[PATCH] dma-pool: use single atomic pool for both DMA zones
Jeremy Linton
jeremy.linton at arm.com
Wed Jul 8 11:11:30 EDT 2020
Hi,
On 7/8/20 5:35 AM, Nicolas Saenz Julienne wrote:
> Hi Jim,
>
> On Tue, 2020-07-07 at 17:08 -0500, Jeremy Linton wrote:
>> Hi,
>>
>> I spun this up on my 8G model using the PFTF firmware from:
>>
>> https://github.com/pftf/RPi4/releases
>>
>> Which allows me to switch between ACPI/DT on the machine. In DT mode it
>> works fine now,
>
> Nice, would that count as a Tested-by from you?
If it worked... :)
>
>> but with ACPI I continue to have failures unless I
>> disable CMA via cma=0 on the kernel command line.
>
> Yes, I see why, in atomic_pool_expand() memory is allocated from CMA without
> checking its correctness. That calls for a separate fix. I'll try to think of
> something.
>
>> It think that is because
>>
>> using DT:
>>
>> [ 0.000000] Reserved memory: created CMA memory pool at
>> 0x0000000037400000, size 64 MiB
>>
>>
>> using ACPI:
>> [ 0.000000] cma: Reserved 64 MiB at 0x00000000f8000000
>>
>> Which is AFAIK because the default arm64 CMA allocation is just below
>> the arm64_dma32_phys_limit.
>
> As I'm sure you know, we fix the CMA address trough DT, isn't that possible
> trough ACPI?
Well there isn't a linux specific cma location property in ACPI. There
are various ways to infer the information, like looking for the lowest
_DMA() range and using that to lower the arm64_dma32_phys_limit.
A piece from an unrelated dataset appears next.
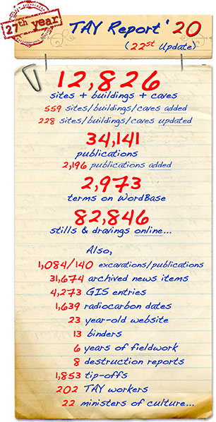 The TAY Project aims to provide a data pool and a scientific reference base accessible to all concerned individuals and institutions, such as: students at all levels; archaeologists, historians and scientists in related fields; museums and other protectors of cultural heritage; individuals/organisations involved in promotional advertising activities about Turkey; the general public; etc.

OTOH,
as it stands I don't think that information is available early enough to
setup the cma pool.
But as you mention the atomic pool code is allocating from CMA under the
assumption that its going to be below the GFP_DMA range, which might not
be generally true (due to lack of DT cma properties too?).